Увы! Именно так написано у Ромена Роллана. Я долго колебался, цитировать ли эту изощренно запутанную страницу, но даже если она нам мало сообщает, она останется по крайней мере примером лирического волнения, с каким в душе писателя отзывается воспоминание о творческих процессах. А теперь продолжим наше изложение.
Компонование произведения может происходить перед началом работы или по мере того как работа продвигается. По этим двум методам можно различить две категории писателей. Вопреки всему, что говорилось в осуждение авторов, которые, прежде чем приступить к работе, составляют подробный план, надо заметить, что этот метод отнюдь не свидетельствует об отсутствии вдохновения или фантазии, и совершенно незачем, высмеивая первых, усиленно расхваливать вторых за непосредственность, искренность, за удачи, достигнутые неожиданными ходами мыслей, бегущих вместе с пером. И опять же совсем не обязательно, как считал Шопенгауэр, чтобы писателя, начинающего думать над вещью, лишь усевшись за письменный стол, относить к худшей категории авторов. Здесь имеют место просто-напросто различия, вытекающие из черт характера, вкусов, воспитания, привычек. Писатель порывистый и нервный, не привыкший к порядку, никогда не снизойдет до составления предварительного плана из простого нежелания исписывать страницы, которые так легко потерять.
Флобер составлял план романа в течение многих месяцев, ежедневно работая по многу часов. А закончив план, говорил: "Мой роман готов, остается только его написать". И план был настолько подробный, что последние главы "Бювара и Пекюше", которых он не успел закончить перед смертью, в плане выглядят так, словно это уже окончательный текст. У Ибсена, в молодости работавшего аптекарем и в силу своей профессии завязавшего крепкую дружбу с "духами" порядка, имелась шкатулка с множеством отделений. Каждое отделение предназначалось для одного из персонажей драмы, над которой в ту пору работал писатель. Целыми месяцами он ничего не писал, а только совершал длинные прогулки в одиночестве и возвращался с запасом новых черт характеров героев, обрывков диалогов, целых сцен - все это он записывал и раскладывал по соответствующим отделениям шкатулки. Работал как пчела. Едва соты оказывались заполненными, все отделения насыщены медом, драматург садился писать.
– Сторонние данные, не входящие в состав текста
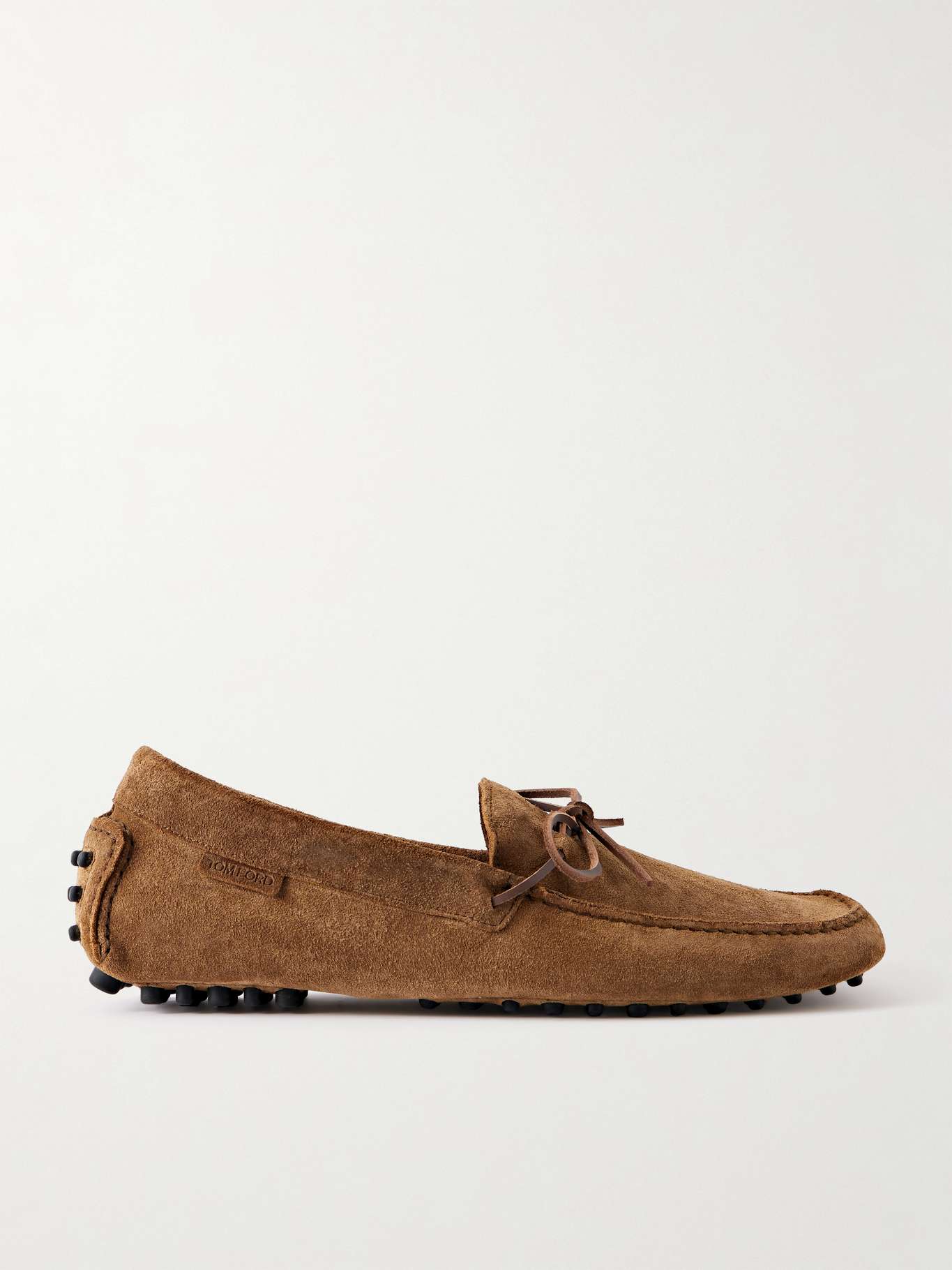 TOM FORD's 'Rod' loafers have pebbled soles, a feature borrowed from classic driving styles. They're made from suede with laces across the top and a branded label on one side.
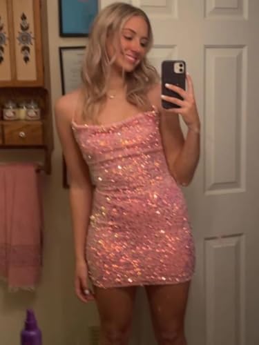 Women's Sequin Homecoming Dresses for Teens Sparkly Corset Spaghetti Strap Tight Short Prom Dress 5
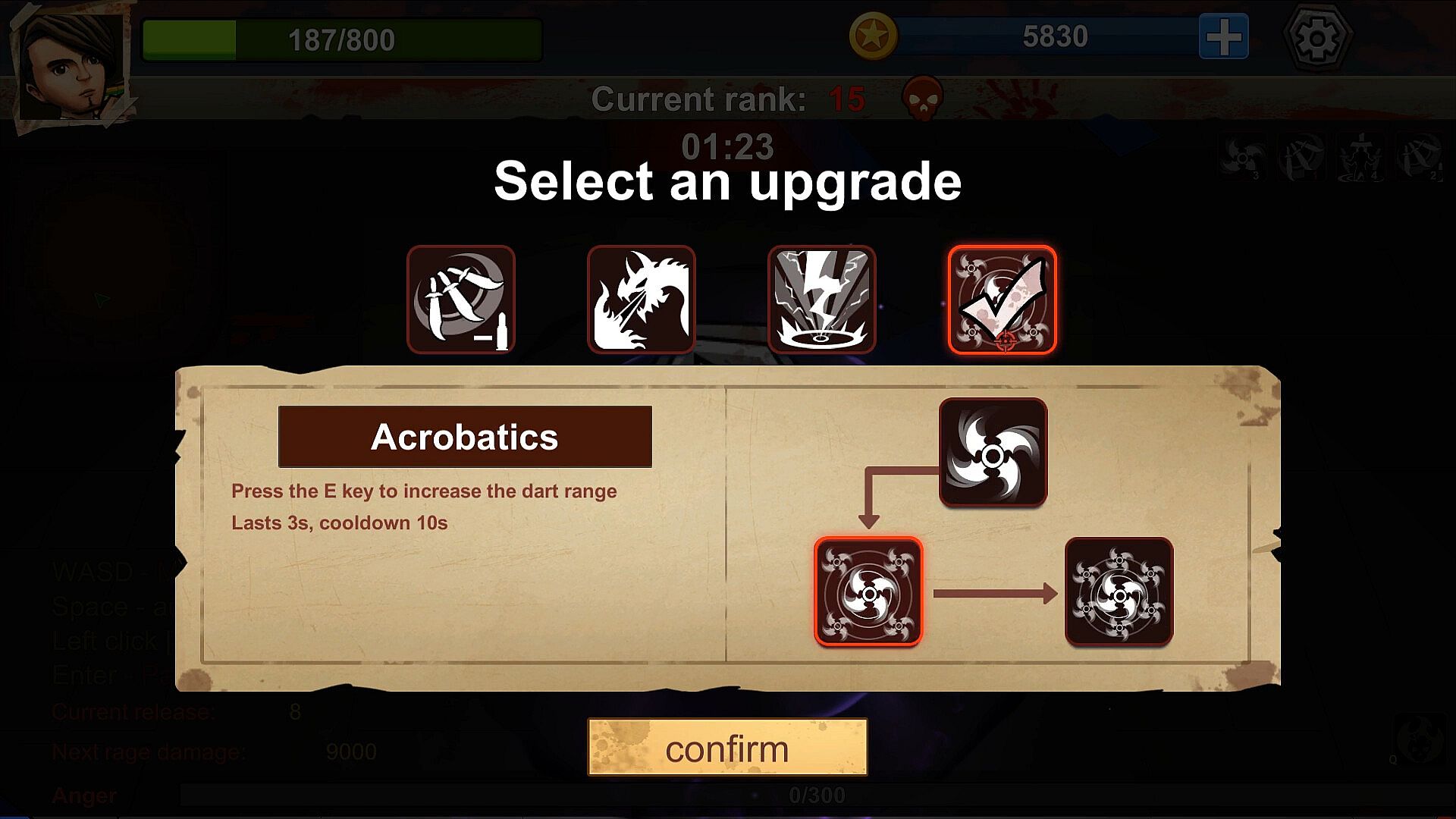 Active skill E : Death Acrobatics, expand the attack range of the darts around the character itself and keep it for a certain period of time. You need to collect all 3 darts to learn this skill. 3, 5 can unlock the speed stunt!
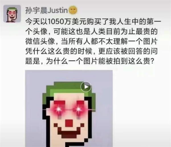 孙宇晨自己在朋友圈感叹:这是他人生中第一个头像,也是人类目前为止最贵的微信头像。并且还预计“所有人都不太理解一个图片凭什么这么贵”。
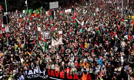 Unos 300 mil manifestantes propalestinos, entre ellos el fundador de Wikileaks, Julian Assange, marcharon ayer por el icónico puente de la bahía de...
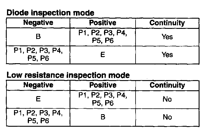 1. Inspect for continuity of the diodes using an analog circuit tester.

Есть писатели, способные не только хранить у себя в голове обстоятельный план произведения, не прибегая к помощи записок и заметок, но и делать в этом мысленном плане поправки и сокращения, как если бы извилины их мозга были страницами тетради. Так работал Руссо. Он не умел мыслить, сидя за письменным столом. В одиноких прогулках произносил про себя непрерывный монолог, осваивал тему, компоновал, переделывал. Так работают многие поэты, они усаживаются за письменный стол только для того, чтобы записать готовое творение, долго вынашиваемое в мыслях. По сути своей план или композиция произведения - это не что иное, как сосуществование писателя с темой, фоном, персонажами, настроением, тональностью, это постепенное прояснение густого мрака, окутывающего произведение, которому предстоит родиться. Каждый приходящий день приносит частицу света.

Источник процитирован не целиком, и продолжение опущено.